◆ Extracted records ◆

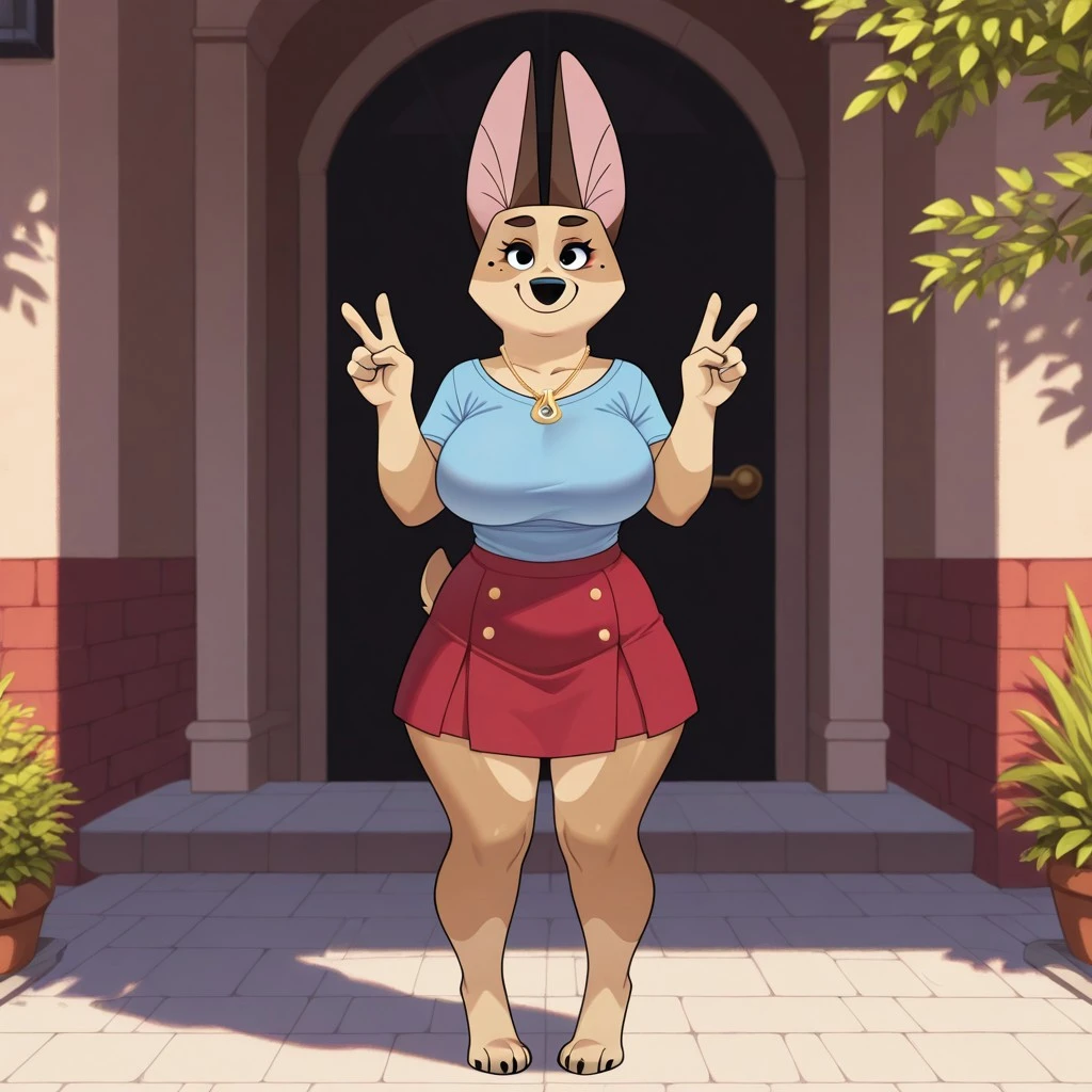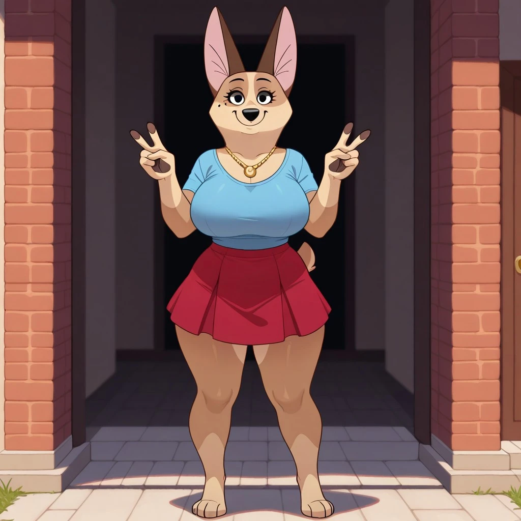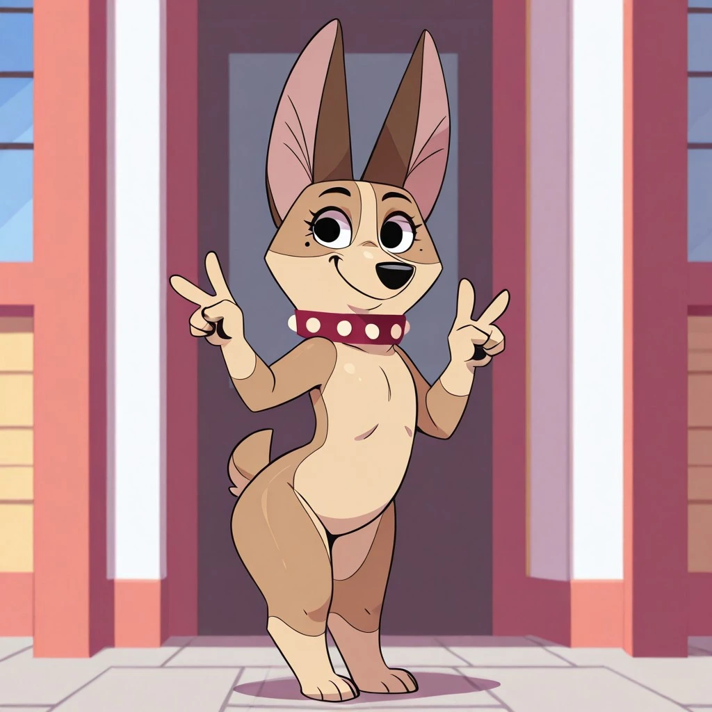 dog, Welsh Corgi, tan fur, brown ears, black eyes, mole under eye, black nose, short tail, red collar,
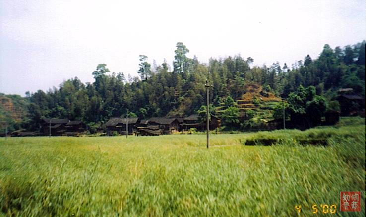 [贴图]当年我就下在这个队,叫“老屋场”生产队。这是二千年五月,时过三十年后再去拍的,从远处看只多了二根电杆和几栋房子外,再就是那山上的树几乎没有了,其它的依然如旧。
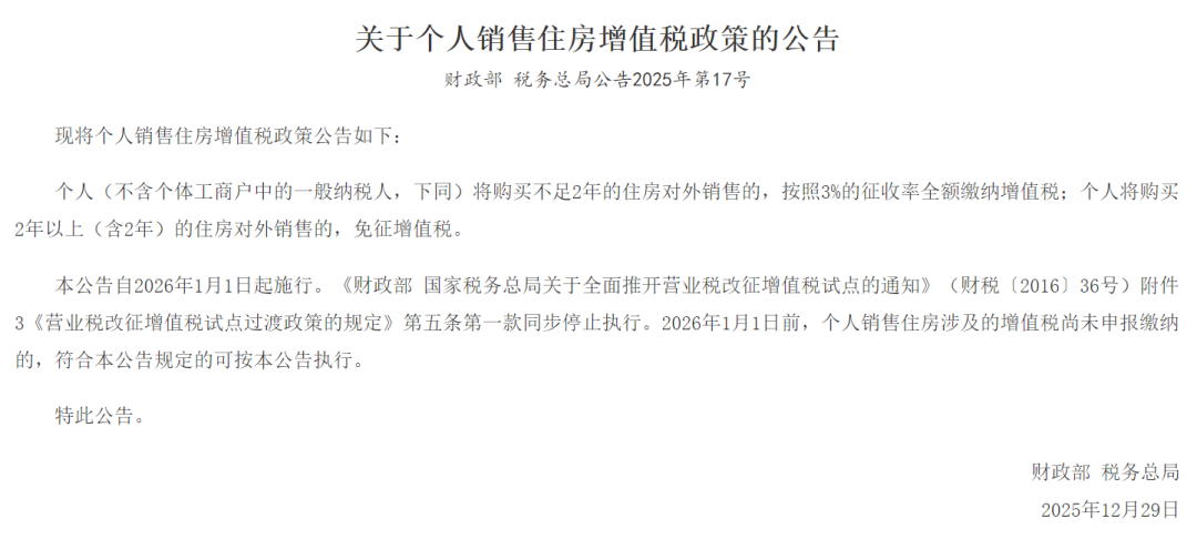 2025年12月30日,财政部、税务总局发布《关于个人销售住房增值税政策的公告》。公告提出,自2026年1月1日起,个人将购买2年以上(含2年)的住房对外销售的,免征增值税;个人将购买不足2年的住房对外销售的,增值税征收率从5%下调到3%。
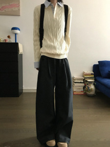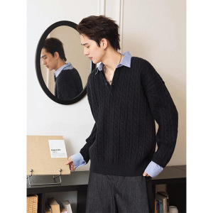绞花假两件拼接条纹亨利领毛衣男款秋季慵懒高级感cleanfit针织衫
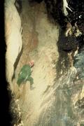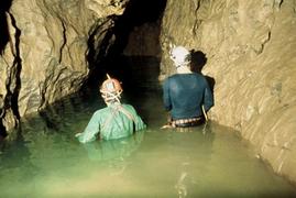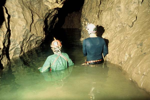 Mais une nouvelle escalade nous ferme la route de la découverte, ce coup-ci, nous sortons le tapis volant et 9m plus haut, nous « renquillons » la galerie. Une petite trempette, un peu de marche à pied toujours dans des galeries généreuses (5 x 5m) et encore une escalade. Mince (ça veut dire merde en français lyrique), nous avons oublié le tapis volant en haut de l'escalade de 9m. Nous remettons les chaussons d'escalade et nous voilà en haut. Peu après, nous arrivons dans une grande salle encombrée de puissants colmatages argileux. Plus on avance, plus le réseau prend des dimensions intimes. Un petit lac, une trémie, puis nous butons sur un siphon. Kermit tentera une plongée en apnée, mais en vain, c'est fini pour nous. |
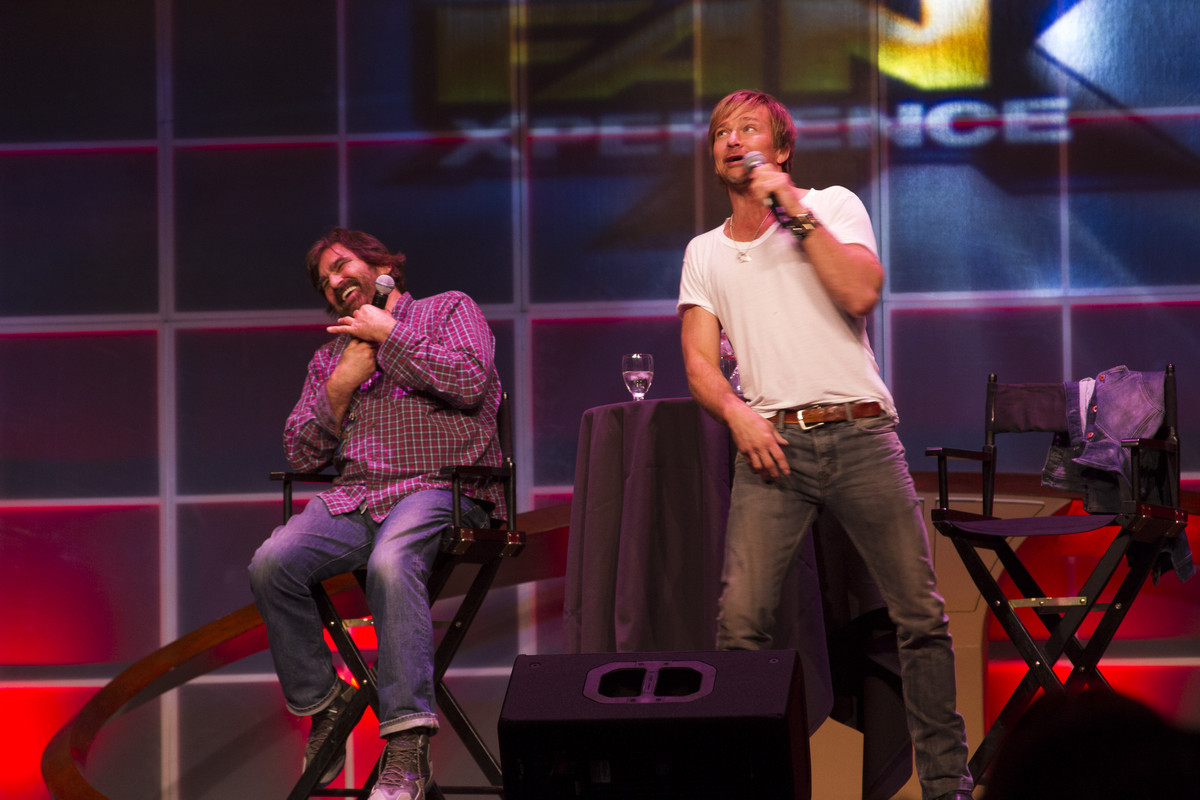 Sean Patrick Flanery, right, and David Della Rocco tell a joke during their panel at FanX 2014 in Salt Lake City. (Jimmie Breedlove)
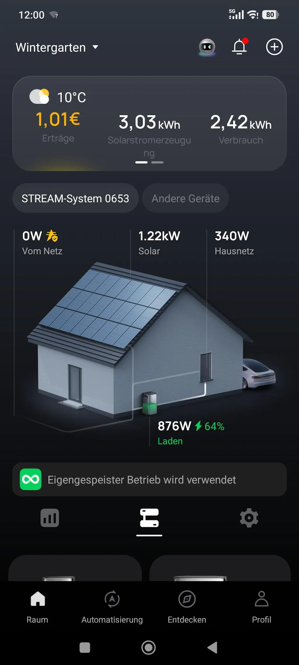Das System nutzt vorrangig Solarenergie. Wenn die Solarleistung den Energiebedarf nicht deckt, springt automatisch der Akku ein. Reicht auch das nicht aus, wird der verbleibende Bedarf über das Stromnetz gedeckt. Wenn die Solarproduktion den Verbrauch übersteigt, wird der Überschuss zunächst in der Batterie gespeichert. Weitere überschüssige Energie kann – je nach Einstellung und unter Einhaltung der lokalen Vorschriften – ins Netz eingespeist werden.
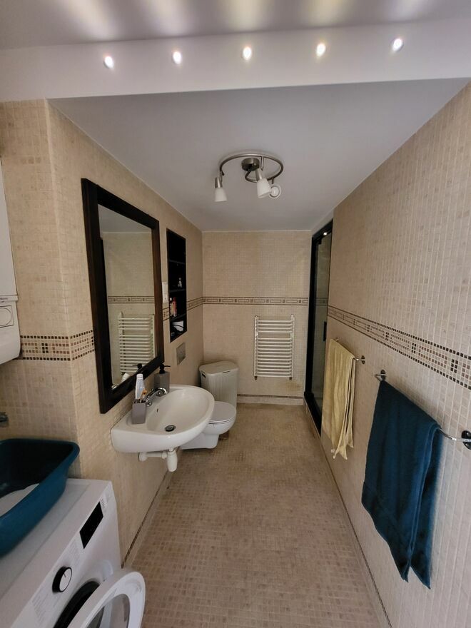 Mieszkanie wyposażone jest we wszystkie niezbędne sprzęty jak płyta gazowa, piekarnik, pralka czy lodówka.
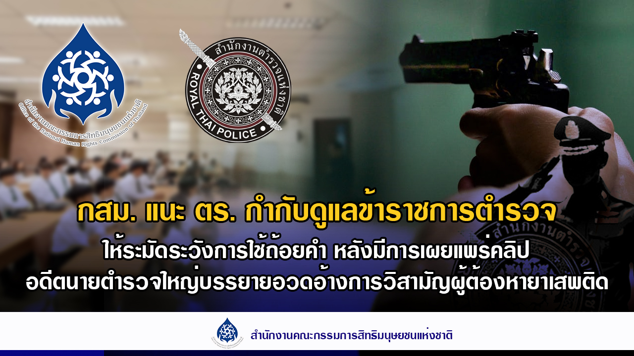 1. กสม. แนะ ตร. กำกับดูแลข้าราชการตำรวจให้ระมัดระวังการใช้ถ้อยคำ หลังมีการเผยแพร่คลิปอดีตนายตำรวจใหญ่บรรยายอวดอ้างการวิสามัญผู้ต้องหายาเสพติด ห่วงกระทบความเชื่อมั่นกระบวนการยุติธรรมทางอาญา

◆ The task ◆
A faithful copy of each entry is required, and no picture may be carried into it.

◆ Answer for the task ◆
 dog, Welsh Corgi, tan fur, brown ears, black eyes, mole under eye, black nose, short tail, red collar,
 [贴图]当年我就下在这个队,叫“老屋场”生产队。这是二千年五月,时过三十年后再去拍的,从远处看只多了二根电杆和几栋房子外,再就是那山上的树几乎没有了,其它的依然如旧。
 2025年12月30日,财政部、税务总局发布《关于个人销售住房增值税政策的公告》。公告提出,自2026年1月1日起,个人将购买2年以上(含2年)的住房对外销售的,免征增值税;个人将购买不足2年的住房对外销售的,增值税征收率从5%下调到3%。
绞花假两件拼接条纹亨利领毛衣男款秋季慵懒高级感cleanfit针织衫
 Mais une nouvelle escalade nous ferme la route de la découverte, ce coup-ci, nous sortons le tapis volant et 9m plus haut, nous « renquillons » la galerie. Une petite trempette, un peu de marche à pied toujours dans des galeries généreuses (5 x 5m) et encore une escalade. Mince (ça veut dire merde en français lyrique), nous avons oublié le tapis volant en haut de l'escalade de 9m. Nous remettons les chaussons d'escalade et nous voilà en haut. Peu après, nous arrivons dans une grande salle encombrée de puissants colmatages argileux. Plus on avance, plus le réseau prend des dimensions intimes. Un petit lac, une trémie, puis nous butons sur un siphon. Kermit tentera une plongée en apnée, mais en vain, c'est fini pour nous. |
 Sean Patrick Flanery, right, and David Della Rocco tell a joke during their panel at FanX 2014 in Salt Lake City. (Jimmie Breedlove)
Das System nutzt vorrangig Solarenergie. Wenn die Solarleistung den Energiebedarf nicht deckt, springt automatisch der Akku ein. Reicht auch das nicht aus, wird der verbleibende Bedarf über das Stromnetz gedeckt. Wenn die Solarproduktion den Verbrauch übersteigt, wird der Überschuss zunächst in der Batterie gespeichert. Weitere überschüssige Energie kann – je nach Einstellung und unter Einhaltung der lokalen Vorschriften – ins Netz eingespeist werden.
 Mieszkanie wyposażone jest we wszystkie niezbędne sprzęty jak płyta gazowa, piekarnik, pralka czy lodówka.
 1. กสม. แนะ ตร. กำกับดูแลข้าราชการตำรวจให้ระมัดระวังการใช้ถ้อยคำ หลังมีการเผยแพร่คลิปอดีตนายตำรวจใหญ่บรรยายอวดอ้างการวิสามัญผู้ต้องหายาเสพติด ห่วงกระทบความเชื่อมั่นกระบวนการยุติธรรมทางอาญา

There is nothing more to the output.